In order to save a modification one needs to use the :dlcmd:`save` command.
The ``-m/--message`` option lets you attach a concise summary of your change.
Such a :term:`commit message` makes it easier for others and your later self to understand a dataset's history::

   datalad save -m "Replace placeholder in README"

Note that ``datalad save`` will save **all** modifications in a dataset at once!
If you have several modified files, you can supply a path to the file or files you want to save::

   # make some more edits to the file
   nano README.md

Here is what you changed::

   git diff

You can add a path to make sure only modifications in the specified file are saved::

   datalad save -m "Add project information to README" README.md

Your dataset has now started to grow a log of everything that was done.
You can view this history with the command :gitcmd:`log`, or any tool that can display :term:`Git` history, such as :term:`tig`.
You can even ask a specific file what has been done to it::

   git log README.md

While you can add and save any file into your dataset, it is often useful to know where files came from.
If you add a file from a websource into your dataset, you can use the command ``datalad download-url`` in order to download the file, save it together with a commit message into the dataset, and record its origin internally.
Here, we add a comic as a little `Easter egg <https://imgs.xkcd.com/comics/fuck_grapefruit.png>`_ into the dataset::

   datalad download-url -m "add motivational comic to my dataset"  \
      -O .easteregg  \
      https://imgs.xkcd.com/comics/fuck_grapefruit.png
   # open the comic
   xdg-open .easteregg

The very first chapter of the handbook, :ref:`chapter_datasets` will show you even more details about version controlling files in datasets.

Data transport
^^^^^^^^^^^^^^

DataLad datasets can track where files came from.
If the origin of a file (such as a web source) is known, you can drop file *content* to free up disk space::

   datalad drop .easteregg

Afterwards, only "metadata" about file content and file availability stays behind, and you can't open the file anymore::

   xdg-open .easteregg    # it is gone :(!
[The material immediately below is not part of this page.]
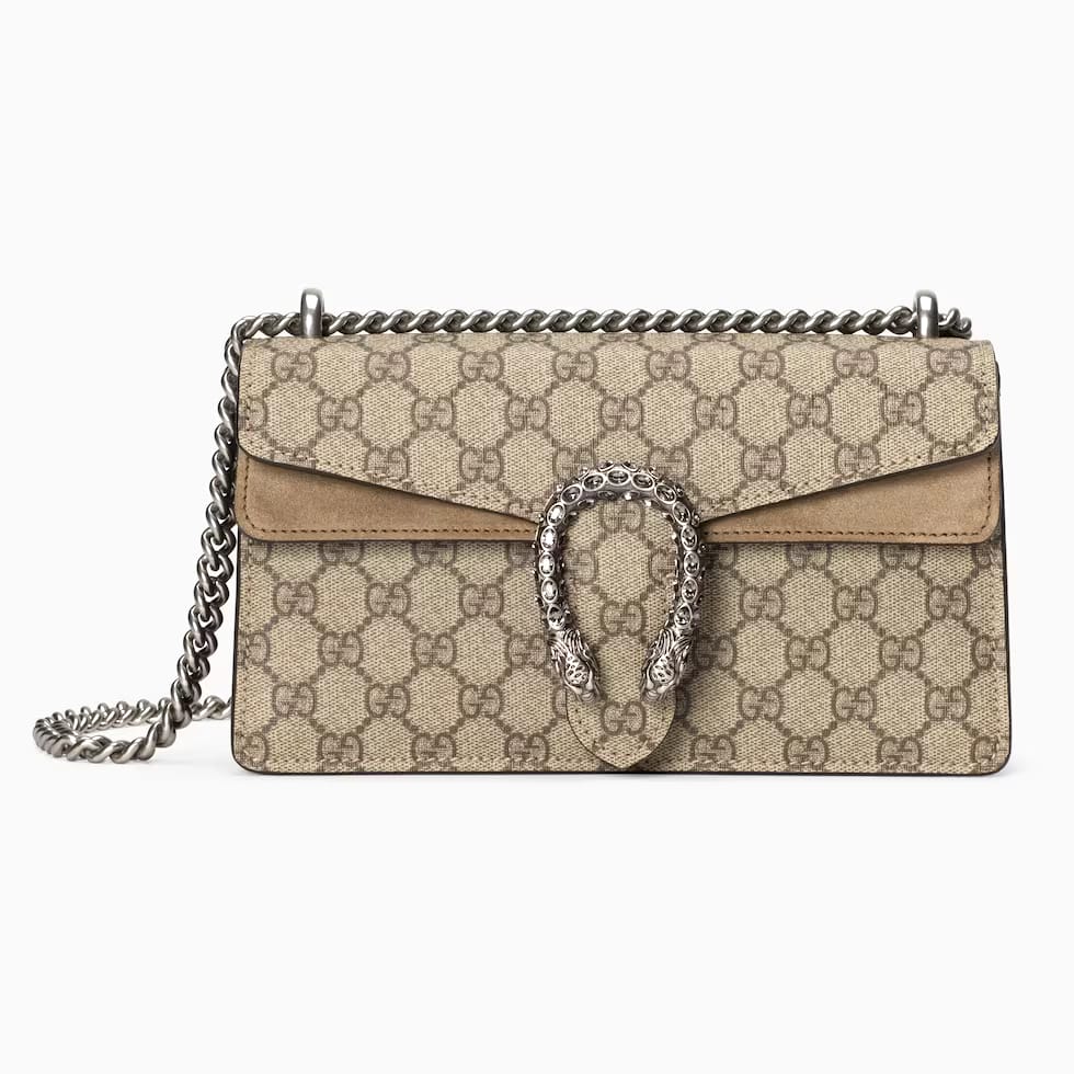 A structured GG Supreme canvas chain medium shoulder bag with a key ring that can be used to attach this bag to a separate larger bag. The closure has the textured tiger head spur closure-a unique detail referencing the Greek god Dionysus, who in myth is said to have crossed the river Tigris on a tiger sent to him by Zeus. The accessory can also be worn as a crossbody bag.

But because the origin of the file is known, it can be reobtained using the :dlcmd:`get`::

   datalad get .easteregg

Opening the comic works again, afterwards::

   xdg-open .easteregg

Let's now see this in action  with really large data, and use the :dlcmd:`clone` command to get a neuroimaging dataset published by a group of MPI researchers.
First, let's go one directory up::

   cd ../

Then, we clone the dataset from :term:`GitHub`::

   datalad clone git@github.com:OpenNeuroDatasets/ds000221.git MPI-Leipzig_Mind-Brain-Body

You can list all directories in the dataset::

    cd MPI-Leipzig_Mind-Brain-Body
    ls

But even though it looks like a substantial amount of files, the total size of the dataset is very small.
The :shcmd:`du -sh` (*disk usage* in human readable units) demonstrates this::

   du -sh

The total available size of files can be shown with :dlcmd:`status --annex`::

   datalad status --annex

Congrats! You have easy access to almost 400GB of data, but it only takes up a few MB on your computer.
Let's get one subject's anatomical files by using :dlcmd:`get` and a path to one directory::

   datalad get sub-010002/ses-01/anat/

Afterwards, :dlcmd:`status --annex all` shows how much of the total available data is already retrieved::

   datalad status --annex all

Dataset nesting
^^^^^^^^^^^^^^^

Datasets can be nesting in superdataset-subdataset hierarchies.
This helps to link datasets together.
It is especially helpful to do this to link input data to an analysis dataset -- it helps to reuse data in multiple analysis, to link input data in a precise version, and to create an intuitively structured dataset layout.
We will start a data analysis in the ``myanalysis`` dataset::

   cd ../myanalysis

First, let's install input data (a small dataset from GitHub) as a subdataset.
This is done with the ``-d/--dataset`` option of :dlcmd:`clone`::

   datalad clone -d . git@github.com:datalad-handbook/iris_data.git input/

This dataset has been linked in a precise version to the dataset, and it has preserved its complete history.

Reproducible analyses
^^^^^^^^^^^^^^^^^^^^^

Not only can I version control data and consume data with datalad, I can also create datasets with data analyses in a way that my future self and others can easily and automatically recompute what was done.
To demonstrate this, we start by adding some code for a data analysis (copy paste from ``cat`` to the final ``EOT`` to paste the code into a file ``scripty.py`` in your ``code/`` directory``)::

   cat << EOT > code/script.py

   import pandas as pd
   import seaborn as sns
   import datalad.api as dl
   from sklearn import model_selection
   from sklearn.neighbors import KNeighborsClassifier
   from sklearn.metrics import classification_report

   data = "input/iris.csv"

   # make sure that the data are obtained (get will also install linked sub-ds!):
   dl.get(data)

   # prepare the data as a pandas dataframe
   df = pd.read_csv(data)
   attributes = ["sepal_length", "sepal_width", "petal_length","petal_width", "class"]
   df.columns = attributes

   # create a pairplot to plot pairwise relationships in the dataset
   plot = sns.pairplot(df, hue='class', palette='muted')
   plot.savefig('pairwise_relationships.png')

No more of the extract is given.